## [TASK]
Below this line is a listing that includes pictures. Copy exactly, and only, the lines from the one containing "- Prepare a" through the one containing "Male, Dachshund mix, 4"; the pictures do not go in the copy.

## [THE DATA]

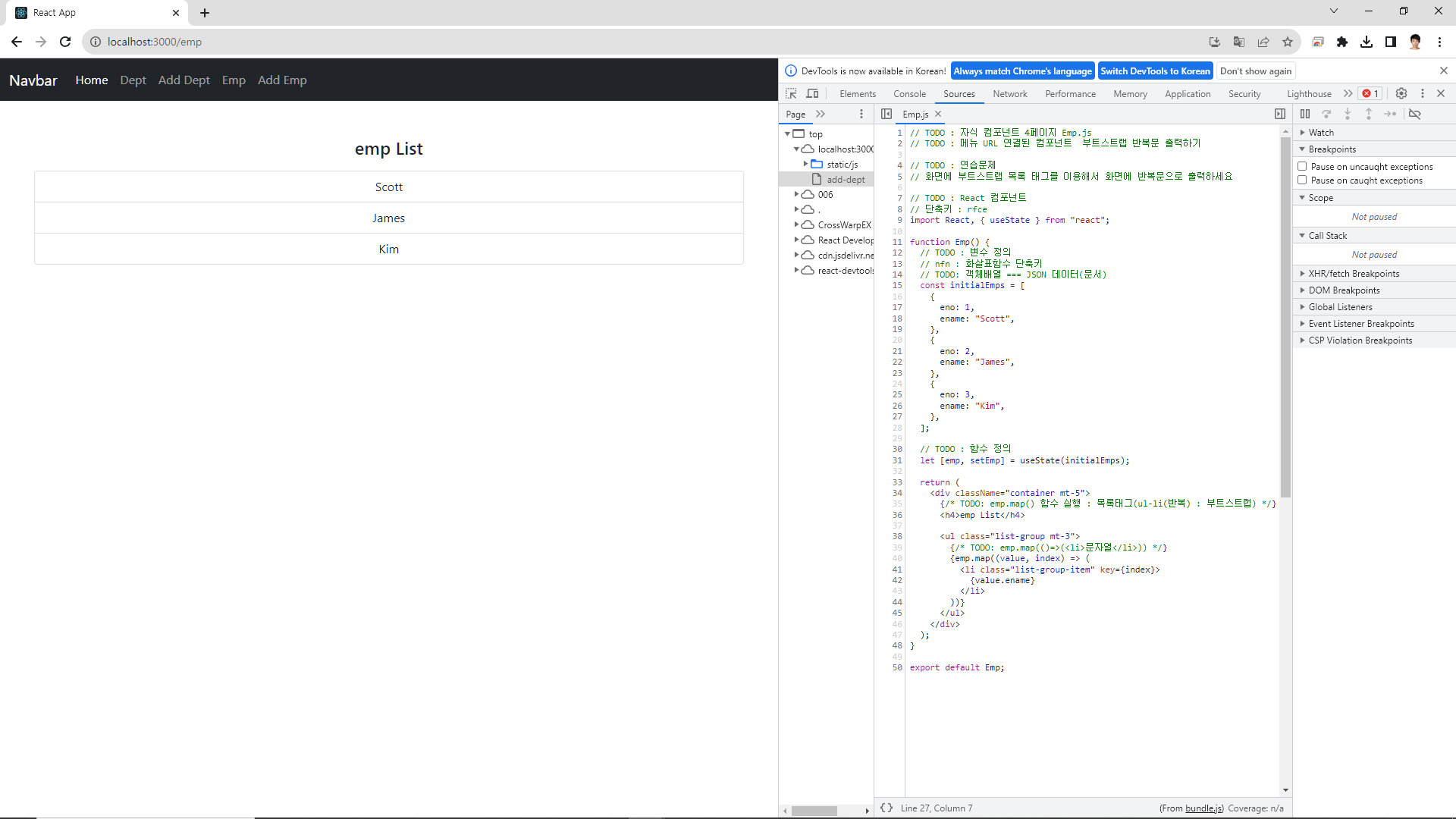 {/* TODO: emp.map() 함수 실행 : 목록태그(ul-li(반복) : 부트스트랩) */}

--

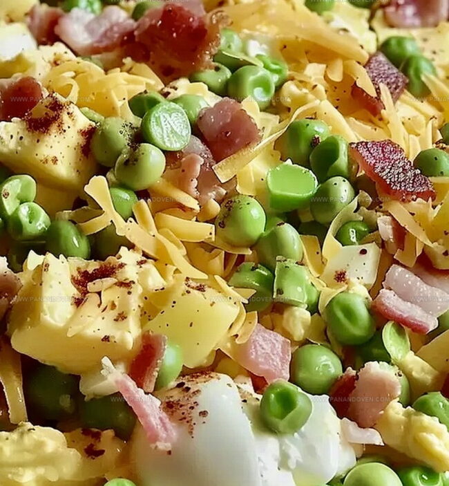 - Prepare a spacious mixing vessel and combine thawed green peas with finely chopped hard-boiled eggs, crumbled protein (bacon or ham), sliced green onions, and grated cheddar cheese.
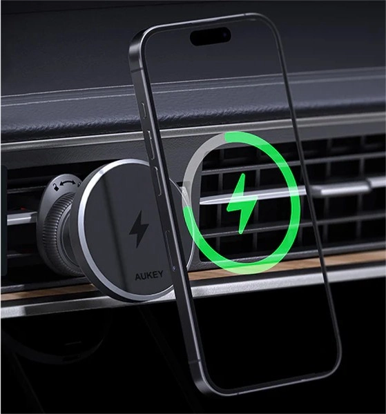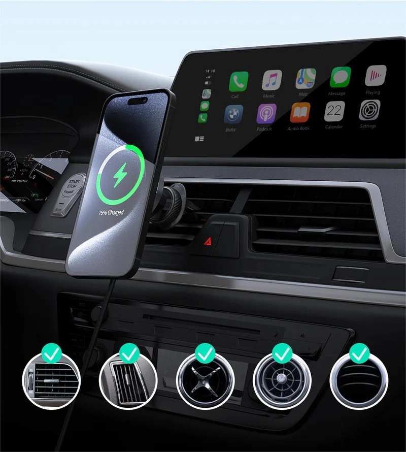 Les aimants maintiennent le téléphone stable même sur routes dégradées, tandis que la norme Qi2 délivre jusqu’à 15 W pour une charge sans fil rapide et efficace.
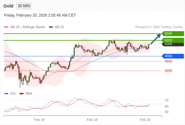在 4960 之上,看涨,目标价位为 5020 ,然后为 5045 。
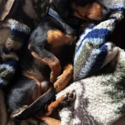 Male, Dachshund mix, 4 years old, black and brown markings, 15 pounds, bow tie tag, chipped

--

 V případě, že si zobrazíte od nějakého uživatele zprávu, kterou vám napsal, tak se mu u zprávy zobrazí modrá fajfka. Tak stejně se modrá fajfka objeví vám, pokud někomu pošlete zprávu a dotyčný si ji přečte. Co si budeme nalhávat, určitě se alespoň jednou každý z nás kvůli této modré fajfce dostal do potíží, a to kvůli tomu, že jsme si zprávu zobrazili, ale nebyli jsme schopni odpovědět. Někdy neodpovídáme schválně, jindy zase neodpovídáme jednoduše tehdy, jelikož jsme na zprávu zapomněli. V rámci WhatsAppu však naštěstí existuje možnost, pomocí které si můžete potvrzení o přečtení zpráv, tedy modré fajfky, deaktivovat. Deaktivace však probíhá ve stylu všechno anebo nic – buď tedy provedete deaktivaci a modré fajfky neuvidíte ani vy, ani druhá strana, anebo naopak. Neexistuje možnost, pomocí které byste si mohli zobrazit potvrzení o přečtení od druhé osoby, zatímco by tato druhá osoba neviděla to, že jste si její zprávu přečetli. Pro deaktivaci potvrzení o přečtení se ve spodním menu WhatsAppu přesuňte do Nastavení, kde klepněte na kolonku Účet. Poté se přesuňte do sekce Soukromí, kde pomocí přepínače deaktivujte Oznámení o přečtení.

## [RESPONSE]
 - Prepare a spacious mixing vessel and combine thawed green peas with finely chopped hard-boiled eggs, crumbled protein (bacon or ham), sliced green onions, and grated cheddar cheese.
 Les aimants maintiennent le téléphone stable même sur routes dégradées, tandis que la norme Qi2 délivre jusqu’à 15 W pour une charge sans fil rapide et efficace.
在 4960 之上,看涨,目标价位为 5020 ,然后为 5045 。
 Male, Dachshund mix, 4 years old, black and brown markings, 15 pounds, bow tie tag, chipped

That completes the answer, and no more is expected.